A stark difference in the profit vs growth approach has been seen in the Indian startup ecosystem recently. The VC-backed startups aim for quicker growth prospects and hence, tend to mass hire to reach their objectives as fast as possible. As a result, we see a culture of hiring and firing, evident from the multiple rounds of layoffs by many firms in the recent past in a bid to survive in the times of funding winter.
However, bootstrapped startups have remained immune to such a scenario because hiring decisions are made very carefully and are directly linked with the demand for talent considering the steady and stable rise of the business.
VC funding considerations
After investing in a business, VCs expect it to grow as quickly as possible. Founders can use VC funds to launch new goods or services, hire experienced and skilled employees, acquire cutting-edge technology to outsmart the competition, and so on, without having to worry about revenue and profits. The mantra is to get big fast, no matter what.
Money is not the only resource provided by VCs; expert mentoring and advice are also extremely valuable. VCs typically have a large network of contacts, which can lead to new hires, profitable alliances, and more customers, among other advantages. When bootstrapping, you must rely on your personal contacts and network, which can be limited at times. There are various instances where a single email, phone call, or meeting with a VC contact sparks a new idea, guidance, or even a sale, resulting in the startup being a success.
Less personal risk
Be it VC funding or bootstrapping, both carry a significant risk of losing all the invested capital. In the case of bootstrapping, failure means losing all your savings or the funds raised through crowdfunds. This risk diminishes if you go the VC route as VCs’ equity stakes carry the major risk.

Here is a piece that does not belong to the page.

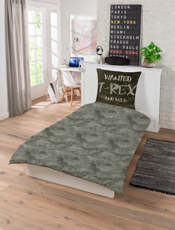 Forside » Sengetøj » Børne sengetøj » Børne sengetøj 140x200 cm Sengetøj 140x200 cm - T-rex dinosaur sengetøj - Vendbart design - Sengetøj børn i 100% bomuld Licens 199,95DKK På lager Trustpilot Antal Læg i kurv Se mere fra: Licens Artikelnummer: 9157-1 Læs vores sengetøjsguide Se vores store udvalg af lagner Se vores store udvalg af dyner 140x200 Har du spørgsmål til produktet? OEKO-TEX® certificeretBlødt og lækkertSmart design Dynebetræk: 140x200 cm Pudebetræk: 60x63 cm Materiale: 100% blød bomuld Farve: Mørke nuancer Motiv: Vendbart design - forside med t-rex, bagside med dinosaur skygge print Lukning: Dyne med knapper og pudebetræk med overlap Vask: 60° Tørretumbling: Ja Tåler strygning: Ja Certificering: STANDARD 100 by OEKO-TEX®(20160K0840). Din garanti for at produktet er fri for sundhedsskadelig kemi. Sengetøj med et sejt motiv af en farlig T-rex, og en fin grøn baggide med skygge print. Det bløde sengesæt produceret i 100% bomuld er både åndbart og absorberende, og med god sovekomfort. Et slidstærkt bomulds børnesengesæt, som gør børneværelset lidt mere spændende. Flot og frygtindgydende sengesæt, hvor den ene side har motiv af en dinosaur i skovens mørke. Vendes sengesættet om, får man en flot bagside med et all-over print af små forskellige dinoer. Ethvert dinosaur glad barn, vil elske dette sengesæt. Sengesættet er produceret i 100% blød bomuld som gør sættet slidestærkt og med høj åndbarhed. Den rene bomuldskvalitet giver et lækkert og blødt sengesæt, der er med til at fremme en sovekomfort for barnet. Bomuldssengetøj kan vaskes ved 60° i vaskemaskinen, som er også et med til at holde et et højt hygiejne niveau. Sengetøjet er yderligere fremstillet med OEKO-TEX certificeret, hvilke er din garanti for at sættet er fri for skadelig kemi. Gå på udkig efter favoritterne og meget mere, i vores store udvalg af tilbehør til børneuniverset For barnet bør sengen være et trygt sted og alle elementerne skal til sammen skabe bløde og dejlige omgivelser for barnet at finde ro i. Brug derfor gerne barnets interesser, til at skabe et trygt soverum for barnet. Hos os kan du finde et stort udvalg af tilbehør til sengen og børneværelset, lige fra lagner til dyner, puder, sengetøj og meget mere, og massere af produkter med alle børnenes favoritter på. Alt sammen elementer som kan være med til at skabe det rette sove miljø og værelse til dit barn. Her kan du finde lækre og bløde kvalitets lagner Tilbage til Børne sengetøj 140x200 cm

Are bootstrappers challenging status quo?
Whether it’s bootstrapping or VC funding, they are just two different methods of financing a startup. Understanding that venture capitalists are financial enablers for business ideas that require quick scalability to grab market share as soon as possible, whereas bootstrapping is a steady and more controlled way of making things happen to build a business.
We see there is certainly a shift in focus from unbridled growth to stable fundamentals of the start-up growth, indicating that bootstrappers are out there working on their next big idea.
(Disclaimer: The views and opinions expressed in this article are those of the author and do not necessarily reflect the views of YourStory.)